Exercise
Starting at the line with "In And OutdoorMatch", copy each line through the last one below exactly as written, without any pictures.

(Collection entries)
---
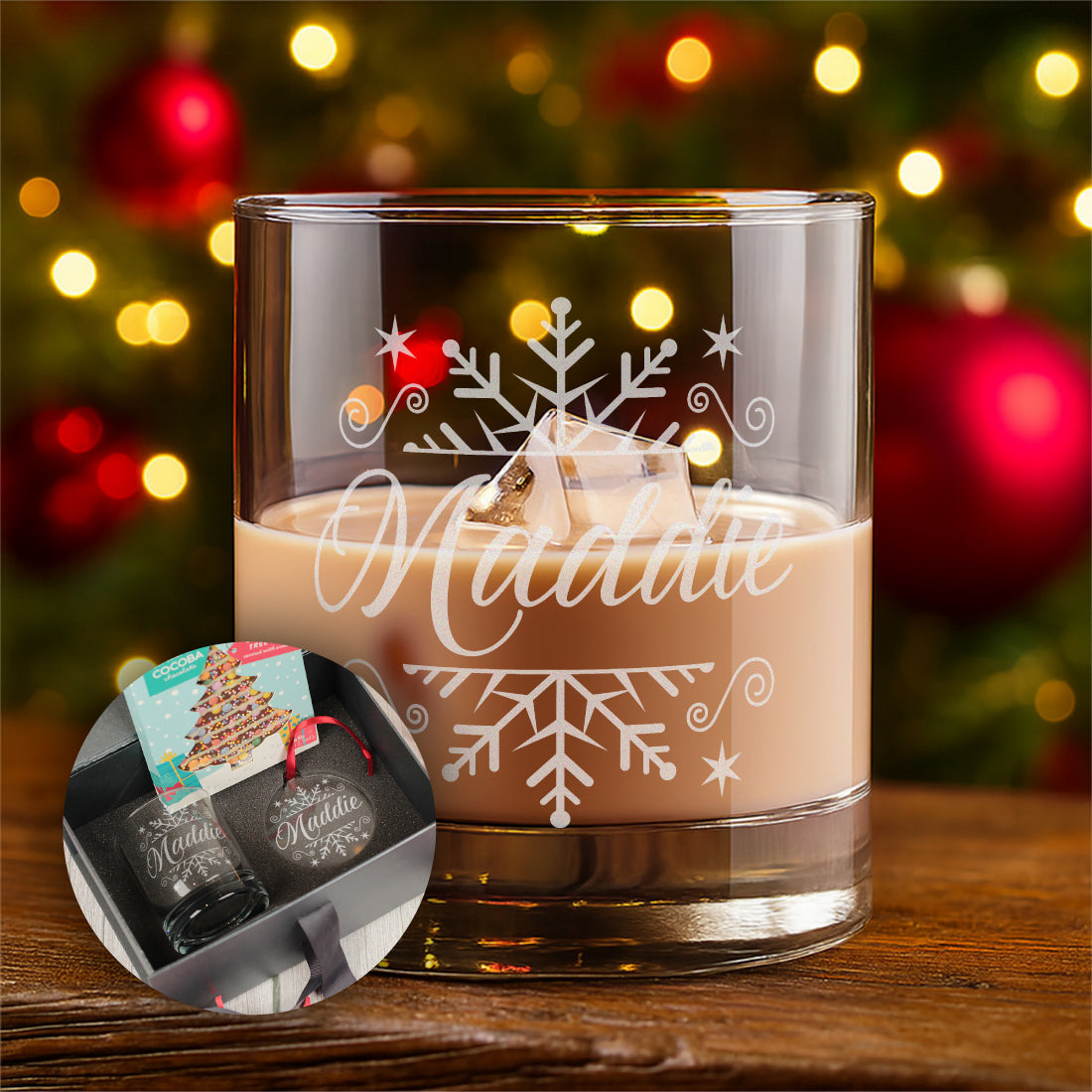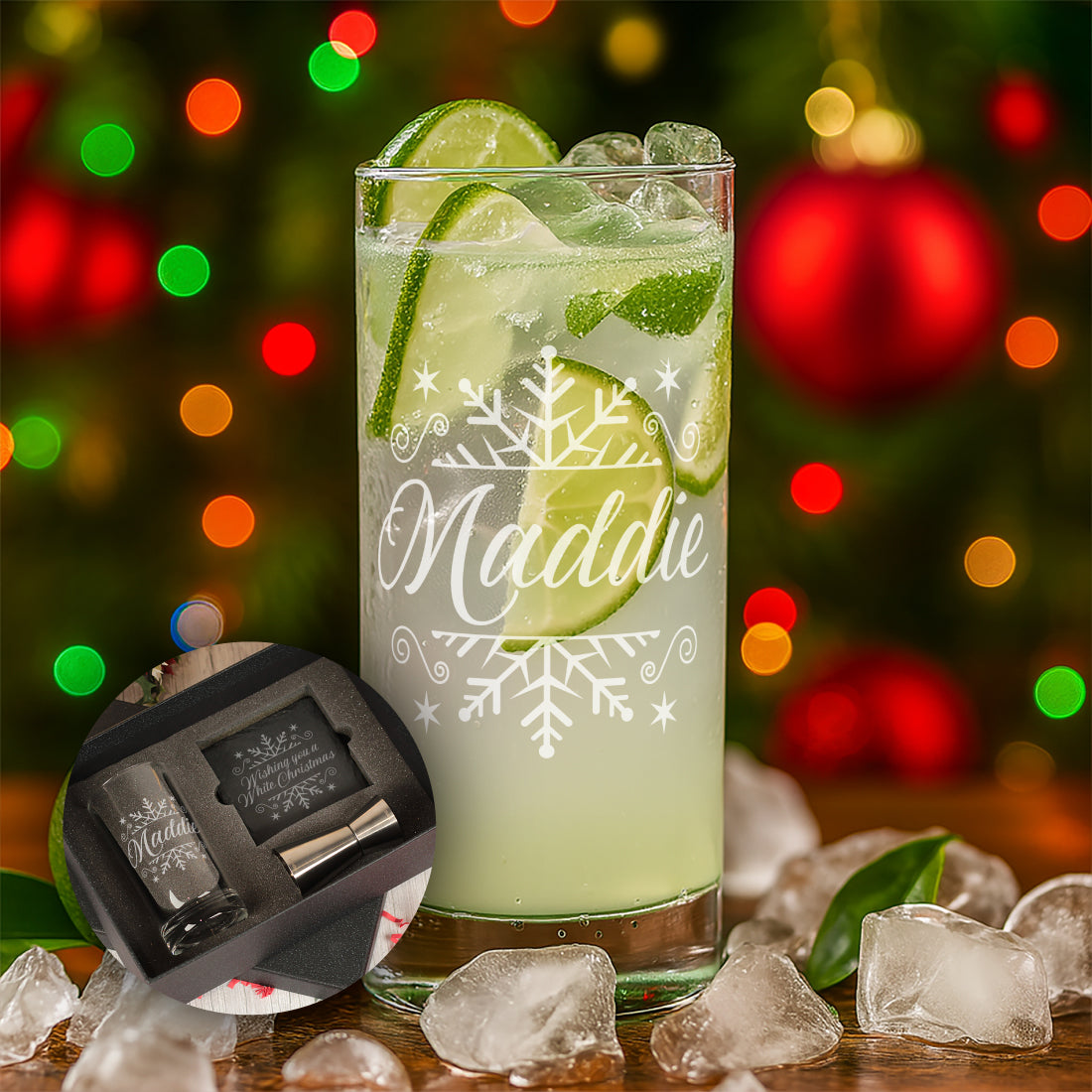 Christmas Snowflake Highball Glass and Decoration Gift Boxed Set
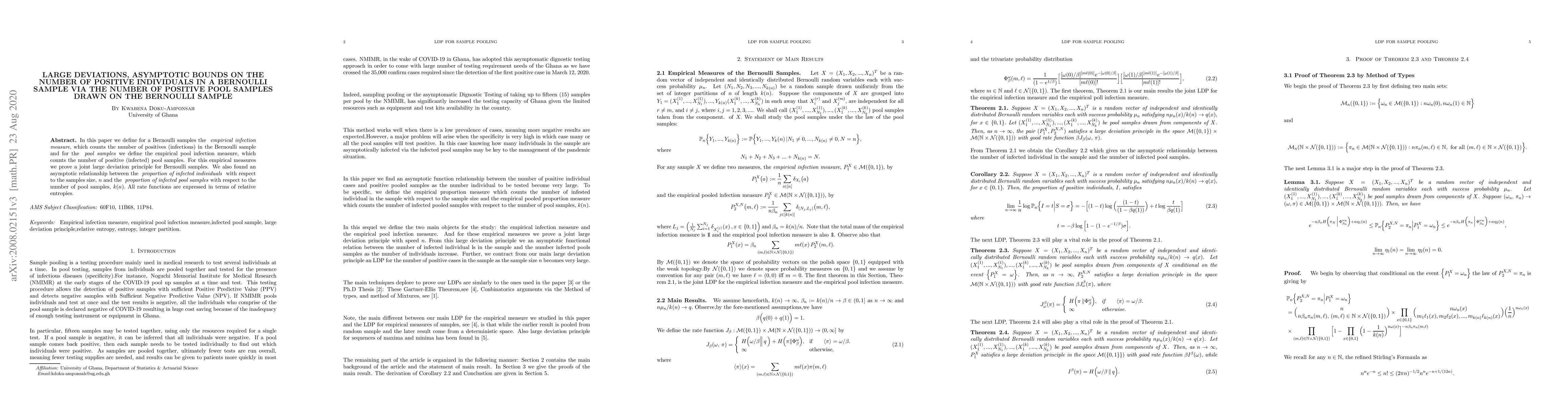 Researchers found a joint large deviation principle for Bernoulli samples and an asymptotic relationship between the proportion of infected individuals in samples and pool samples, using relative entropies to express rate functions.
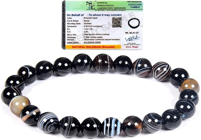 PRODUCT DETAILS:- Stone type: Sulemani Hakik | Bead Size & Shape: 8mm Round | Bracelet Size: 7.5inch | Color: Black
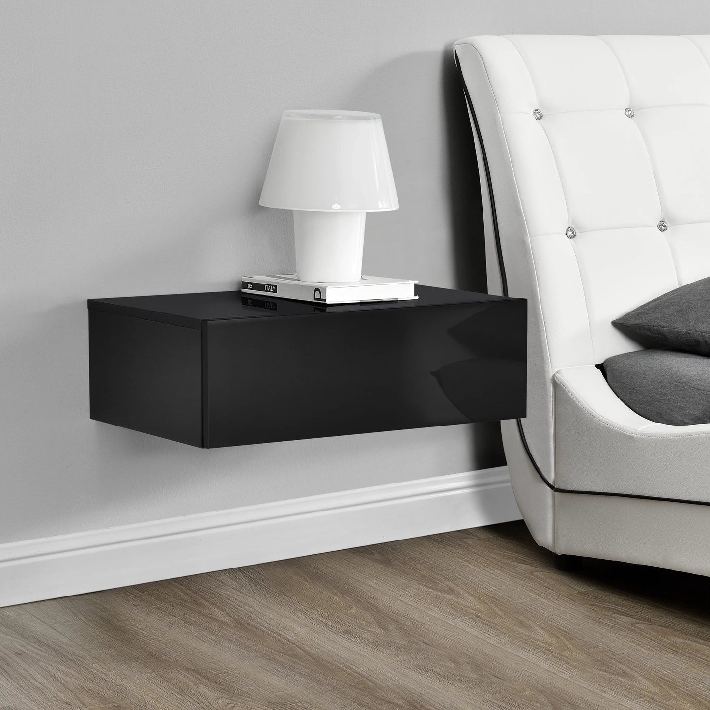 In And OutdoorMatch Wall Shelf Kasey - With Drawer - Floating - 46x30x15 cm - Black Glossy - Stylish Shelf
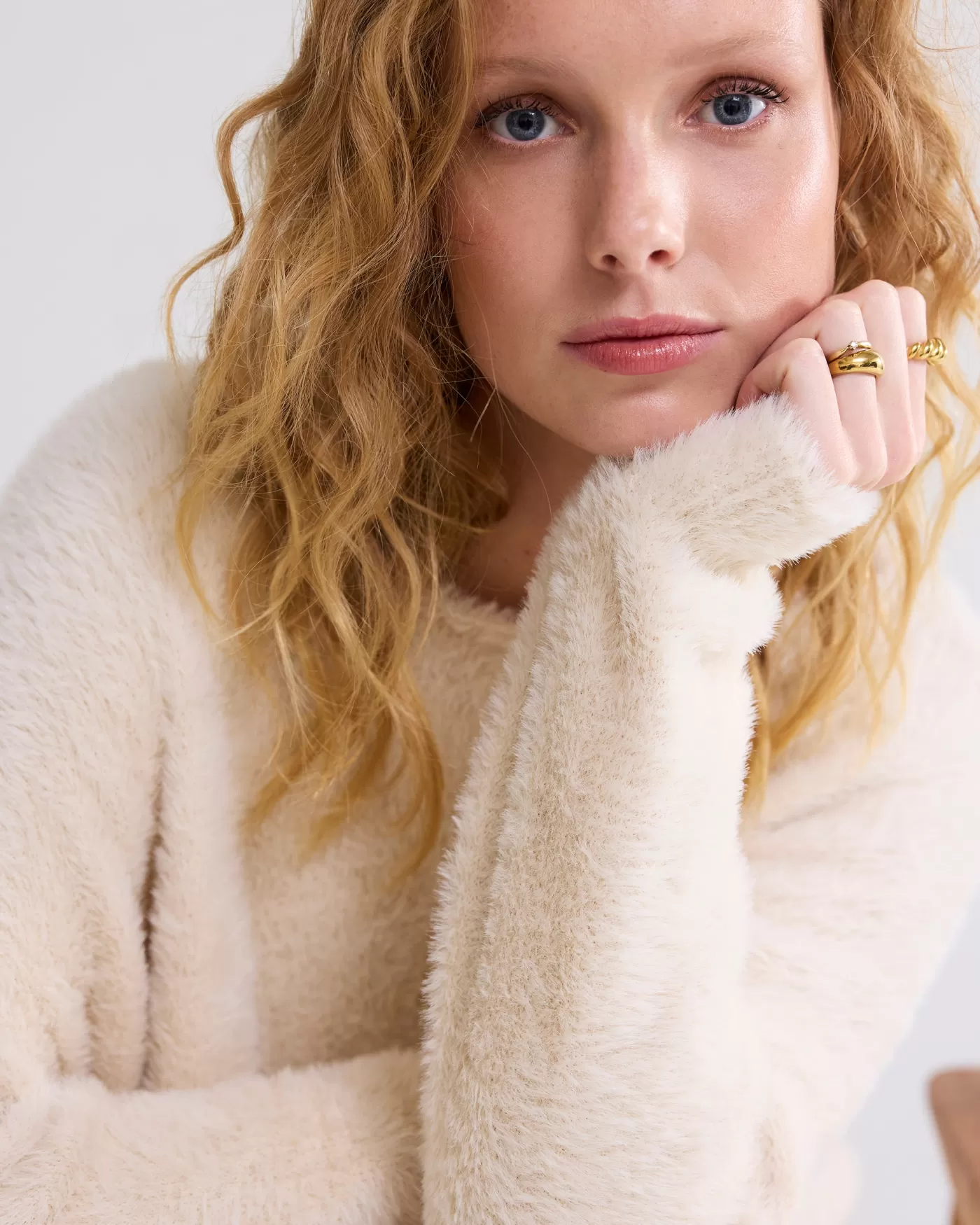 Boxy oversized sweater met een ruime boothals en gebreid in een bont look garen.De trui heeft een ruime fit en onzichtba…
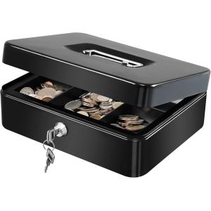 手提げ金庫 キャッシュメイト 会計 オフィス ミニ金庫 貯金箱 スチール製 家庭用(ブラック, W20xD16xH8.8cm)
---
Task result
 In And OutdoorMatch Wall Shelf Kasey - With Drawer - Floating - 46x30x15 cm - Black Glossy - Stylish Shelf
 Boxy oversized sweater met een ruime boothals en gebreid in een bont look garen.De trui heeft een ruime fit en onzichtba…
 手提げ金庫 キャッシュメイト 会計 オフィス ミニ金庫 貯金箱 スチール製 家庭用(ブラック, W20xD16xH8.8cm)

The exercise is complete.